NPSH in Boiler Feed Applications
Boiler water is pressurized to ensure the feed can heat past its natural boiling point of 100°C and remain liquid when used with the pump. As mentioned before, the client’s boiler feed water must be heated to 125°C to produce steam. The condensate returns to the feed for reuse, but one common problem is cavitation. This is due to insufficient Net Positive Suction Head (NPSH) Available which is less than the NPSH Required (NPSHr). Engineers mitigate this challenge by implementing Low NPSH pumps in boiler feed applications to prevent premature failure of the components. The clients had an existing unit with an NPSHr of 3.5M, and the new model had a flow and pressure higher than this current model. The selected design’s NPSHr value was only 3.2M, even though the pump was operating at 60hz and at full speed- 3560 rpm.
Pump Protection and Control
The clients had requested that the boiler feed pump be designed to operate in various capacities to meet its fluctuating steam demand. Engineers achieve this by implementing an automatic recirculation valve to protect the pump from overheating, vibration, and cavitation. A recirculation valve automatically maintains a minimum continuous flow that benefits the pump’s longevity.

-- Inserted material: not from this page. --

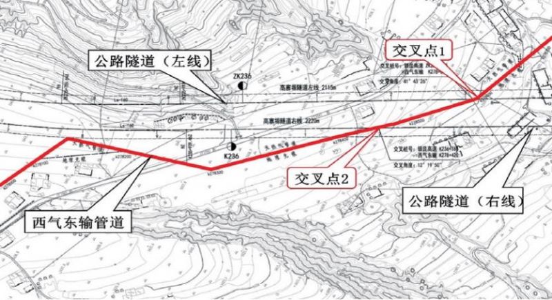 銀昆高速隧道規劃路由位于西氣東輸管道下方,相對位置關(guān)系見(jiàn)圖 1。管道設計壓力10 MPa,管徑1219 mm,壁厚18.4 mm,鋼管材質(zhì)L555,埋設于地表以下約2 m。隧道開(kāi)挖斷面大(掘進(jìn)直徑13.5 m,隧道頂部埋深約82 m),位于管道下部平均夾角約15°,有2處交叉點(diǎn)。

The valve can detect if the main delivery flow falls below a set value. This causes the valve to open its bypass, maintaining the minimum required flow delivery to the pump suction even if the output flow stops. Once the outlet flow increases the bypass closes. The flow is modulated and remains constant and it acts as a control valve. This avoids water hammering and pulsation. It minimizes these impacts because of the throttling effect which stabilizes the flow when the application is adjusted to a partial flow range. The modulated control enables the total rate of flow, and the minimum volume remains constant.
Results
The clients were supplied with a horizontal multistage pump designed in materials to adapt to the demineralized water temperature of 125°C, delivering over 60M3H, at pressures over 400M. The multistage pump contains radial double-curved cast stainless steel impellers within the 5 stages. The stages are coupled with sealed O rings. The axial thrust from the impellers was hydraulically balanced at each stage. A discharge bush in the pump casing help to absorb vibrations. The remaining vibrations were absorbed by the main angular and ball bearings.
Variable speed operation can produce vibrations, the circulating current is prevented from flowing excessively with the aid of inner race bearings, its bearing balls or rollers. The pump has 4 bearings in total, 3 angular ball bearings and 1 roller bearing. The pump was supplied with the driveshaft and is supported by oil-lubricated bearings that are kept cool using an integrated oil-cooling fan. The unit was coupled to a 160Kw IE3 High-Efficiency motor suitable for variable speed operations with a bearing insulated at the non-drive end (NDE Insulated).
This unit was manufactured in under 14 weeks, packed to ISPM15 before shipping and was sent to the clients through sea freights.